Tabashum Thasina, Snyder Robert Cooper, O'Brien Megan K, Albert Mark V
Department of Computer Science and Engineering, University of North Texas, Denton, TX, United States.
Technology and Innovation Hub, Shirley Ryan AbilityLab, Chicago, IL, United States.
JMIR Med Inform. 2024 May 17;12:e50117. doi: 10.2196/50117.
With the increasing availability of data, computing resources, and easier-to-use software libraries, machine learning (ML) is increasingly used in disease detection and prediction, including for Parkinson disease (PD). Despite the large number of studies published every year, very few ML systems have been adopted for real-world use. In particular, a lack of external validity may result in poor performance of these systems in clinical practice. Additional methodological issues in ML design and reporting can also hinder clinical adoption, even for applications that would benefit from such data-driven systems.
To sample the current ML practices in PD applications, we conducted a systematic review of studies published in 2020 and 2021 that used ML models to diagnose PD or track PD progression.
We conducted a systematic literature review in accordance with PRISMA (Preferred Reporting Items for Systematic Reviews and Meta-Analyses) guidelines in PubMed between January 2020 and April 2021, using the following exact string: "Parkinson's" AND ("ML" OR "prediction" OR "classification" OR "detection" or "artificial intelligence" OR "AI"). The search resulted in 1085 publications. After a search query and review, we found 113 publications that used ML for the classification or regression-based prediction of PD or PD-related symptoms.

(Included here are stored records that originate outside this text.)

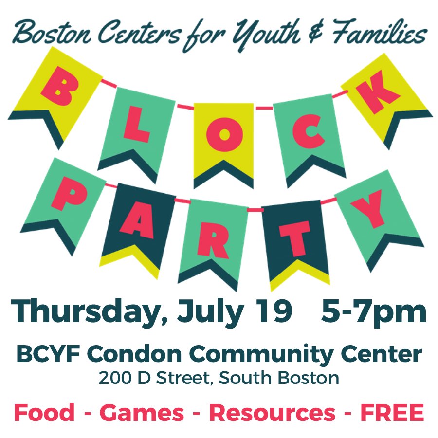 Join us this Thursday for our first Block Party of the summer. Cookout, swimming, activities, lots of info from other City depts--all for FREE! http://Boston.gov/BCYF .pic.twitter.com/kktDtJLoqC
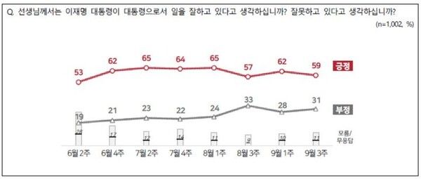 직전 조사(9월1주차)와 비교해 긍정 평가는 3%포인트(p) 내렸고, 부정 평가는 3%p 올랐다.
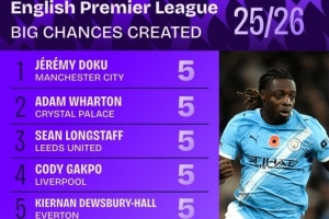 本賽季英超創(chuàng)造重大機會榜:
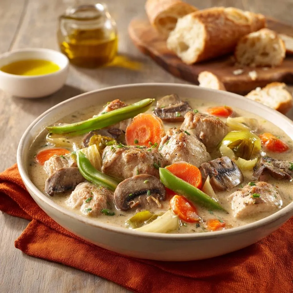 A rich and velvety chicken stew featuring a foolproof roux technique to ensure a thick, hearty sauce that never turns out watery.
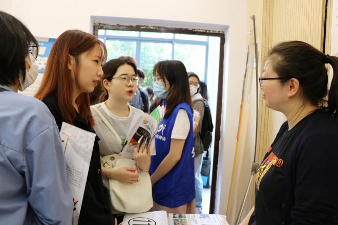 13:30,招聘会正式开始,江苏国泰汉帛实业发展有限公司、卡特彼勒(中国)有限公司、星火教育、新东方教育、日语孑孓教育、南京猿习信息科技、鹰普(中国)有限公司等公司的展位前纷纷热闹起来,同学们积极向招聘单位咨询岗位信息并投递个人简历。学院领导和毕业年级辅导员积极与企业交流沟通,深化联系。江南大学的外语教学至今为止,培养了大批出色的综合型人才,就业覆盖教育、外事、金融、国际贸易等各个领域。
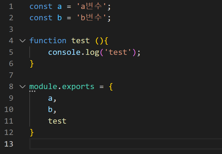 첫번째 파일 변수 a, b와, test함수를 객체 exports에 담음
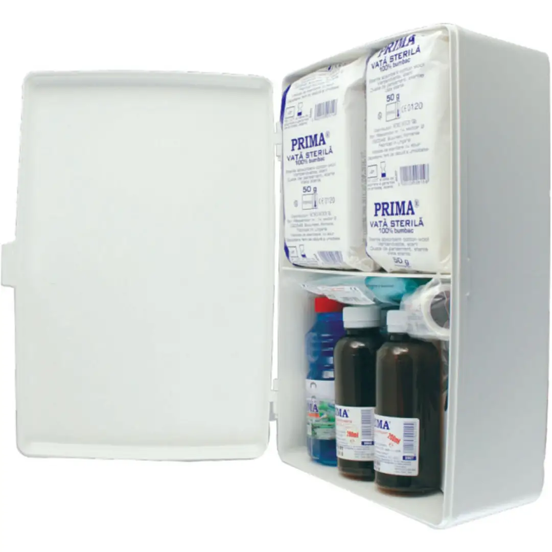 Trusa de prim ajutor fixă se montează pe perete și conține materiale medicale de bază

Only 65.5% (74/113) of studies used a holdout test set to avoid potentially inflated accuracies, and approximately half (25/46, 54%) of the studies without a holdout test set did not state this as a potential concern. Surprisingly, 38.9% (44/113) of studies did not report on how or if models were tuned, and an additional 27.4% (31/113) used ad hoc model tuning, which is generally frowned upon in ML model optimization. Only 15% (17/113) of studies performed direct comparisons of results with other models, severely limiting the interpretation of results.
This review highlights the notable limitations of current ML systems and techniques that may contribute to a gap between reported performance in research and the real-life applicability of ML models aiming to detect and predict diseases such as PD.
随着数据的日益丰富、计算资源的增加以及软件库使用的日益便捷,机器学习(ML)在疾病检测和预测中的应用越来越广泛,包括帕金森病(PD)。尽管每年发表的研究数量众多,但很少有ML系统被实际应用。特别是,缺乏外部有效性可能导致这些系统在临床实践中表现不佳。ML设计和报告中的其他方法问题也可能阻碍临床应用,即使是对于那些将从这种数据驱动系统中受益的应用。
为了抽样研究当前ML在PD应用中的实践情况,我们对2020年和2021年发表的使用ML模型诊断PD或追踪PD进展的研究进行了系统综述。
我们按照PRISMA(系统评价和Meta分析的首选报告项目)指南,于2020年1月至2021年4月在PubMed中进行了系统文献综述,使用以下精确检索词:“帕金森氏症” AND(“ML” 或 “预测” 或 “分类” 或 “检测” 或 “人工智能” 或 “AI”)。检索结果为1085篇出版物。经过检索查询和筛选,我们发现113篇使用ML对PD或PD相关症状进行基于分类或回归的预测的出版物。
只有65.5%(74/113)的研究使用了保留测试集以避免潜在的过高准确性,并且在没有保留测试集的研究中,约一半(25/46,54%)没有将此作为一个潜在问题提及。令人惊讶的是,38.9%(44/113)的研究没有报告模型是如何调整的或是否进行了调整,另外27.4%(31/113)使用了临时模型调整,这在ML模型优化中通常是不被认可的。只有15%(17/113)的研究将结果与其他模型进行了直接比较,这严重限制了结果的解释。
本综述突出了当前ML系统和技术的显著局限性,这些局限性可能导致研究报告的性能与旨在检测和预测诸如PD等疾病的ML模型的实际适用性之间存在差距。